The location was a nominal variables which is divided into three groups as suburban, urban, and metropolitan. The precipitation, flood, and strong wind were entered as nominal variables, individually, utilizing natural disaster risk ratings. Natural disaster risk ratings were evaluated using the risk levels for each natural disaster in Munich Reinsurance Company’s Natural Risk Assessment Network (NATHAN) for an impartial and dependable assessment. NATHAN is an online natural disaster risk map system created to estimate the risk of various natural disasters around the world. Through this system, it is possible to check the scientific and objective level of various natural disaster risk levels based on location information. Natural disaster risk level is scientific and has high reliability because it is the result of comprehensively utilizing the past severity and frequency of natural disasters, data from public organizations or institutions, and analysis results using analysis tools [CURIE 23]. The risk of each natural disaster was used as a nominal variable. The loss ratio, total construction cost was converted to natural logarithm for normal distribution of the data. Descriptive statistics of each variable are revealed in
Table 2.
5. Deep-Learning Algorithm Model
Deep learning is a technology that implements type classification or regression through machine learning of input data and is broadly accepted in forecast and recognition areas. The deep learning model is composed of the input layer, output layer, and hidden layer, activation function, weight, and neuron, and can be applied to various data because it can have a neural network composed of various structures and layers [
35,
36]. Deep learning is classified according to its structure and processing method, and representatively, there are Generative Adversarial Network (GAN), Convolutional Neural Network (CNN), Auto Encoder (AE), Deep Neural Network (DNN), and Recurrent Neural Network (RNN). For example, DNN is a typical neural network with varied numbers of hidden layers, which trains to model compound nonlinear interactions [
37,
38]. Owing to the features, DNNs can be demonstrated in various types of artificial neural networks and are extensively used in forecast and labeling in various businesses and educational fields [
39]. This study developed a model for predicting financial loss of construction sites using DNN in respect of input data, output format, and universality of the model.

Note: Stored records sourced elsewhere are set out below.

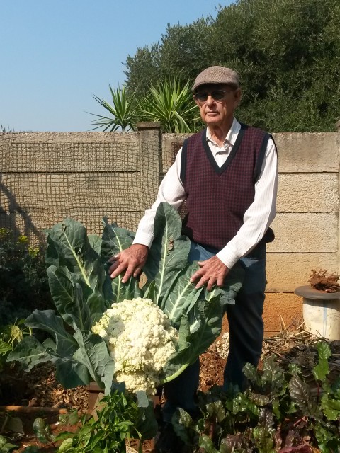 Oom Andries Joubert (79), wat op 4 Maart 1966 in Vaalweekblad verskyn het met ‘n reuse pampoen van 60 pond (27kg), se hande staan steeds vir niks verkeerd as dit by groente kom nie. Sy nuwe knewel is ‘n blomkool van 3.2 kg wat op 23 Mei afgeneem is en is die volgende dag geoes. Oom Andries bly in Macowenstraat in Vanderbijlpark. Jare lank is hy doenig in sy groentetuin en produseer verskeie groentesoorte uit dié klein tuin.
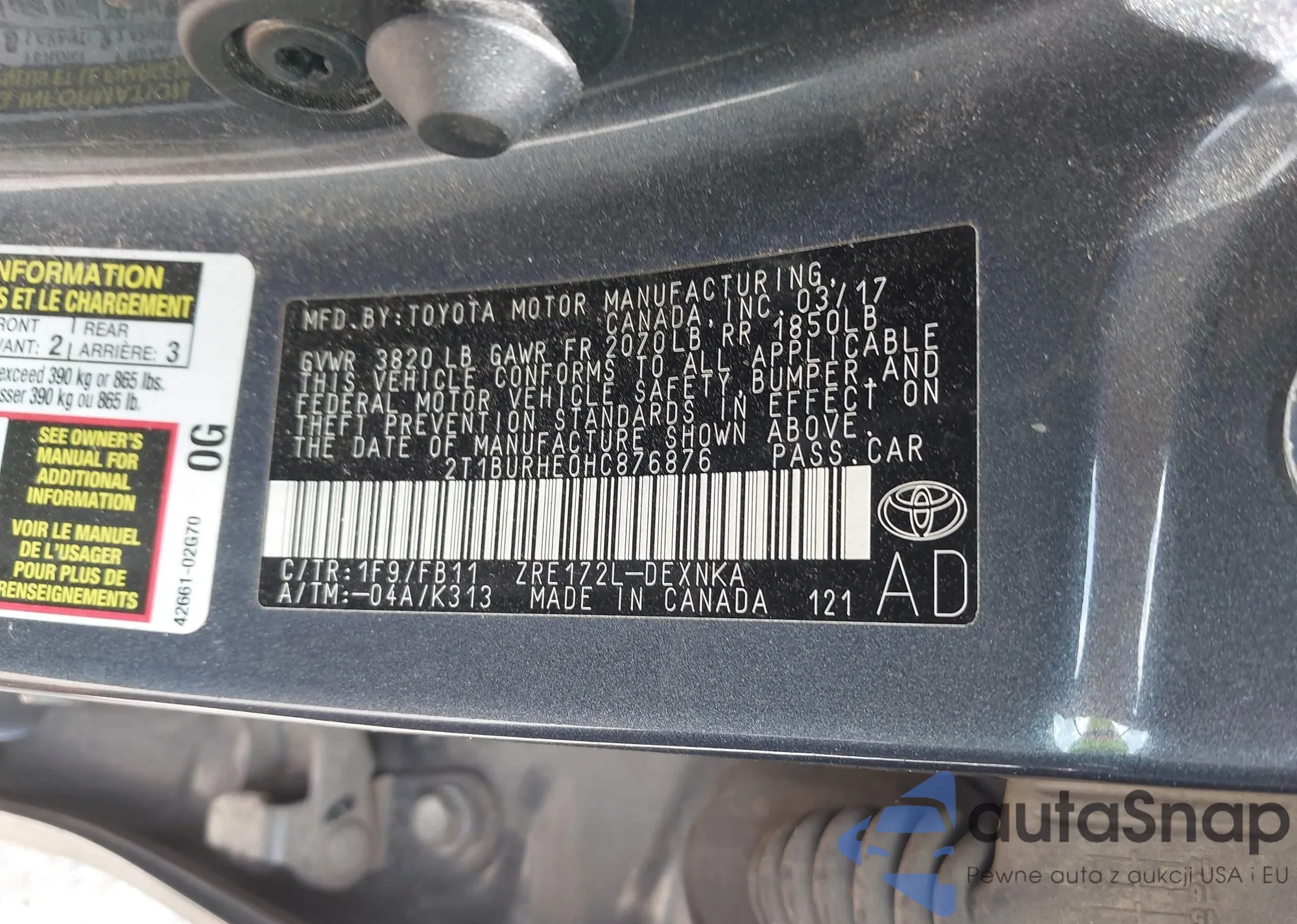 LOT: 43010288 VIN: 2T1BURHE0HC876876
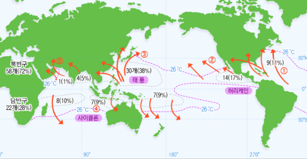 우리나라와 일본에서는 최대풍속이 17㎧이상인 열대저기압 모두를 태풍이라고 부릅니다. 강력한 풍속의 열대저기압을 북서태평양에서는 태풍, 북중미에서는 허리케인, 인도양 남반구에서는 싸이클론으로 부르고 있습니다.
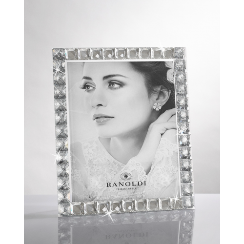 Cornice portafoto in cristallo con elementi decorativi sui lati in vera foglia argento Dimensione interna foto cm 20x25
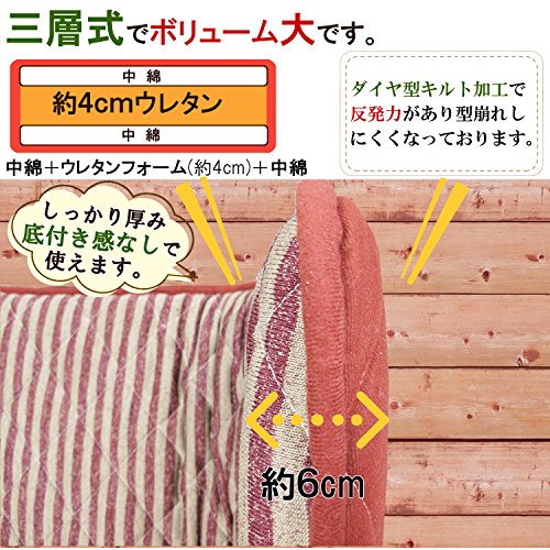- ★ 三層式 ★中綿+ウレタンフォーム(約4cm)+中綿の3層式でダイヤ型キルト加工をしておりますので反発力があり型崩れしにくくなっております。ほどよい厚みです。長座布団 としても使えます。★表生地は,やわらかタッチの 先染め生地 ポリエステル素材です。★ ・肌にまとわりつかずサラっとした気持ちいい肌触りです.先染め生地は 糸を染めてから織りあげますので、生地に奥行 と長持ちするのが特徴です。★ サイドにハイピング付きで、サイドの縫い目の耐久性がアップします。★ 裏生地はトリコット(ポリエステル100%)です。

The developed model was verified by calculating RMSE (root mean square error) and MAE (mean absolute error). The RMSE and MAE values represent the errors between the predicted and actual results and are key indicators for evaluating the artificial neural network model [
40]. MAE is an absolute value estimated and averaged the alteration between the predicted value and the actual value. The smaller the MAE value, the smaller the prediction error. RMSE is expressed as a solitary measure of the variance between the predicted and actual values of the model, and the smaller the RMSE value, the smaller the prediction error. The input data was preprocessed using the z-score normalization method in order to control different units and quantities between variables. Of the total data, 70% was used as learning data (30% of the data was used as validation data), and 30% was utilized as test data.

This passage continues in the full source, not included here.